Records from a data source
[Start of Attachment]

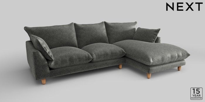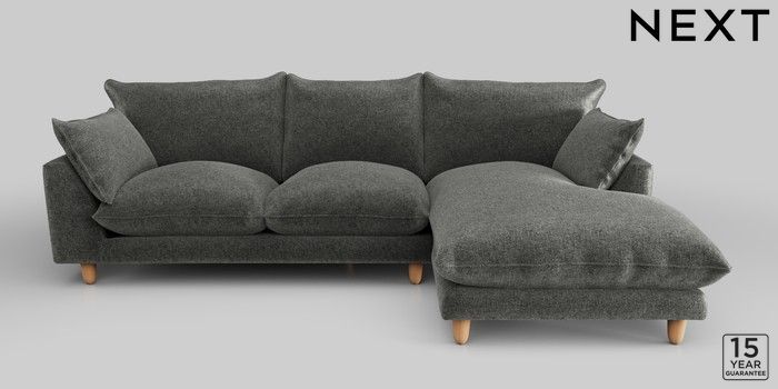 7.2.10 Noa Deep Relaxed Sit Medium Sofa Chaise - Right Hand Plush Chenille Dark Grey High Leg - Light | Made Click here to use our website with more accessibility support, for example screen readers
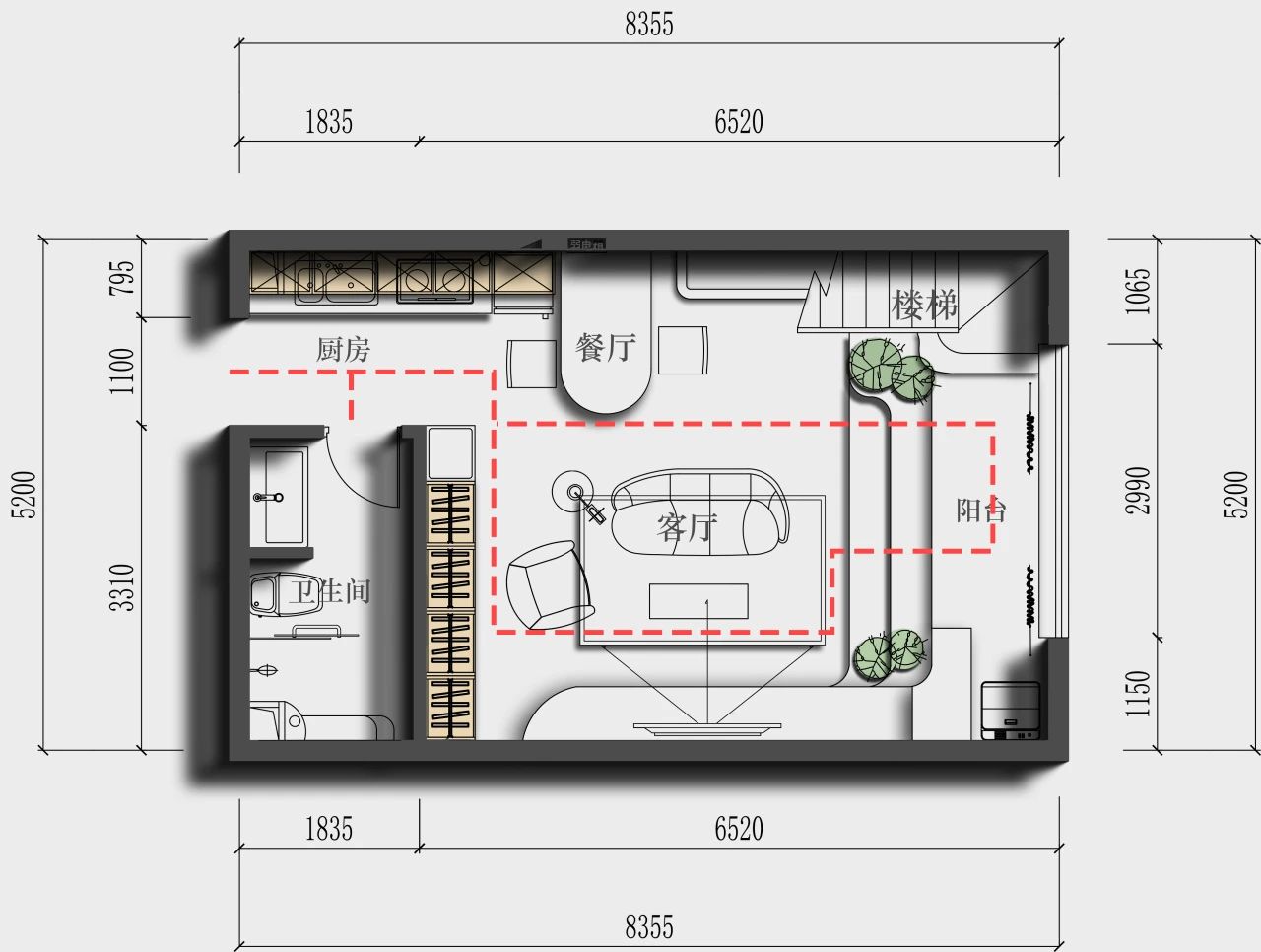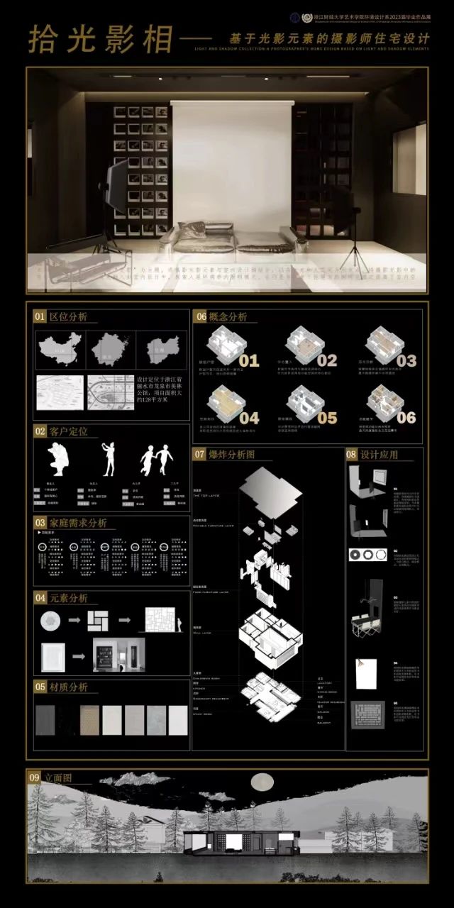 设计理念:本案以摄影中较为重要的“光影”元素为出发点进行设计,通过光线、空间利用和家具搭配等方面综合考虑,打造出一个舒适、美观、实用的居住环境,通过多种不同的手法表达主体物,创造一种新的空间含义,并且将其具体化为点、线、面的建筑语言,使室内空间充满着生动的视觉画面,创造拥有镜头感的室内空间,从而为室内设计增添更多的体验和活力。
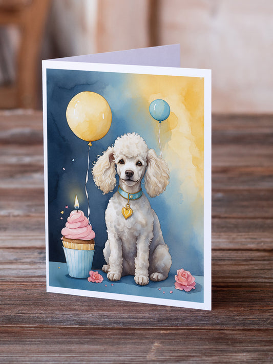 White Poodle Happy Birthday Greeting Cards Pack of 8
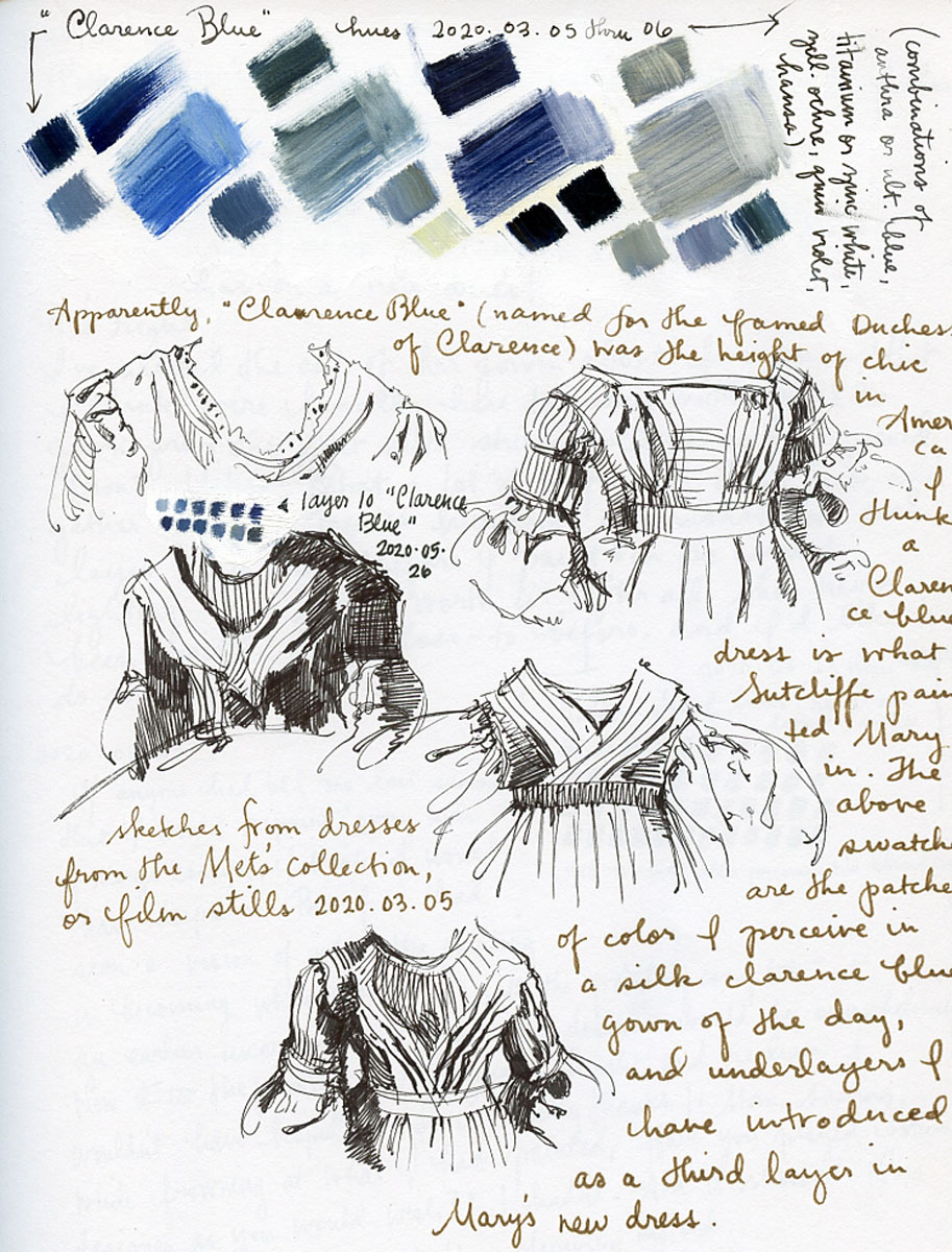 March 18, 2020 Work on Mary's makeover has been just that: WORK. My father laughed yesterday and said, "Well, Mary is the most clothes-horse subject I've ever seen you paint. Every time I walk past your easel, she has on a new dress!"
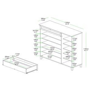 – Overall Dimensions: 45.10″ High x 45.20″ Wide x 14.50″ Deep; Drawer Dimensions: 26.40″ Wide x 11.20″ Deep x 4.40″ High; Larger Shelf: 28.50″ Wide x 11.60″ Deep x 8.20″ High; Smaller Shelf: 14.00″ Wide x 11.60″ Deep x 5.80″ High; Legs: 3.50″ High
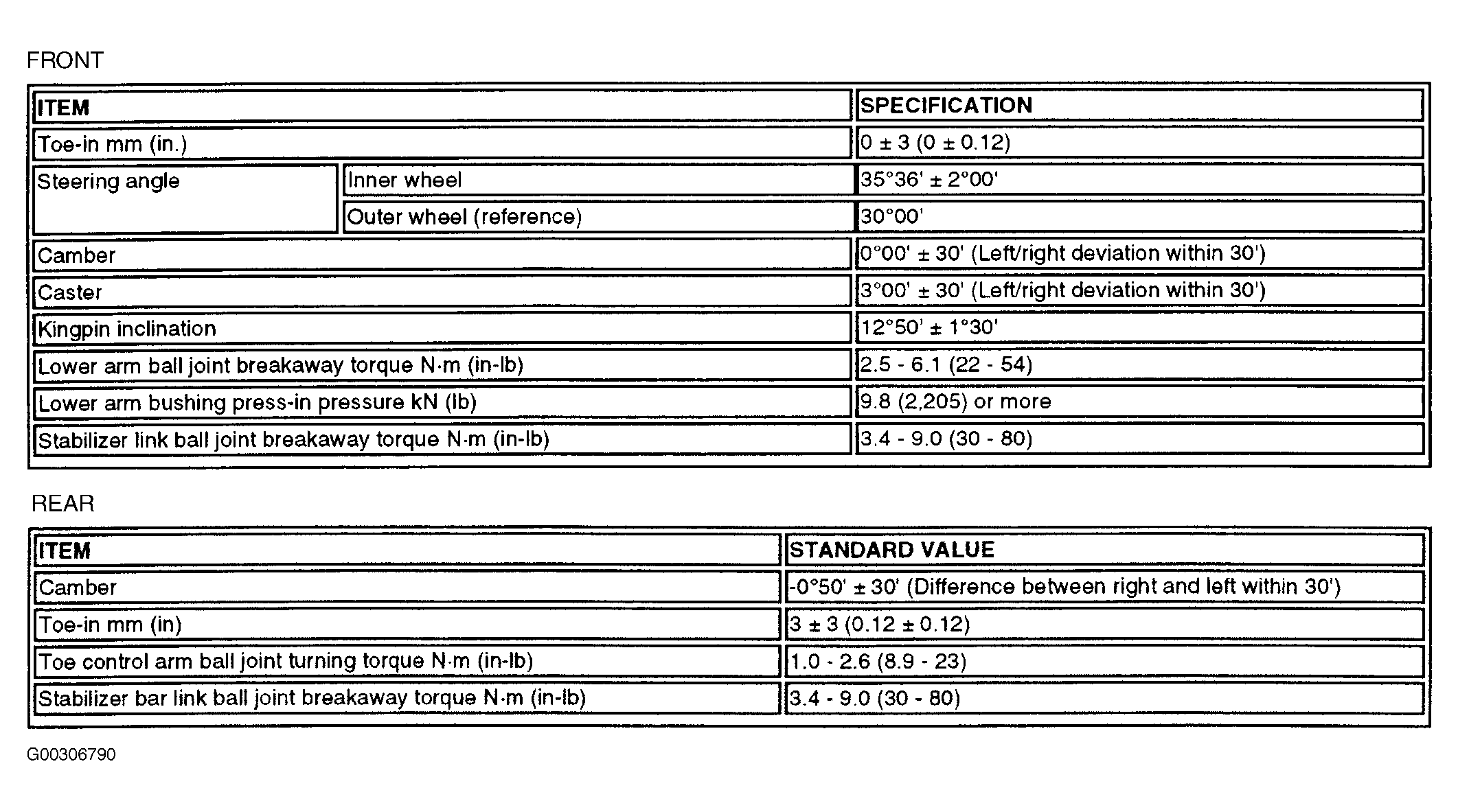 Wheel Alignment: Specifications: Specifications

[End of Attachment]

Problem: Omit the pictures; set down each record exactly.

Exercise response:
 7.2.10 Noa Deep Relaxed Sit Medium Sofa Chaise - Right Hand Plush Chenille Dark Grey High Leg - Light | Made Click here to use our website with more accessibility support, for example screen readers
 设计理念:本案以摄影中较为重要的“光影”元素为出发点进行设计,通过光线、空间利用和家具搭配等方面综合考虑,打造出一个舒适、美观、实用的居住环境,通过多种不同的手法表达主体物,创造一种新的空间含义,并且将其具体化为点、线、面的建筑语言,使室内空间充满着生动的视觉画面,创造拥有镜头感的室内空间,从而为室内设计增添更多的体验和活力。
 White Poodle Happy Birthday Greeting Cards Pack of 8
 March 18, 2020 Work on Mary's makeover has been just that: WORK. My father laughed yesterday and said, "Well, Mary is the most clothes-horse subject I've ever seen you paint. Every time I walk past your easel, she has on a new dress!"
 – Overall Dimensions: 45.10″ High x 45.20″ Wide x 14.50″ Deep; Drawer Dimensions: 26.40″ Wide x 11.20″ Deep x 4.40″ High; Larger Shelf: 28.50″ Wide x 11.60″ Deep x 8.20″ High; Smaller Shelf: 14.00″ Wide x 11.60″ Deep x 5.80″ High; Legs: 3.50″ High
 Wheel Alignment: Specifications: Specifications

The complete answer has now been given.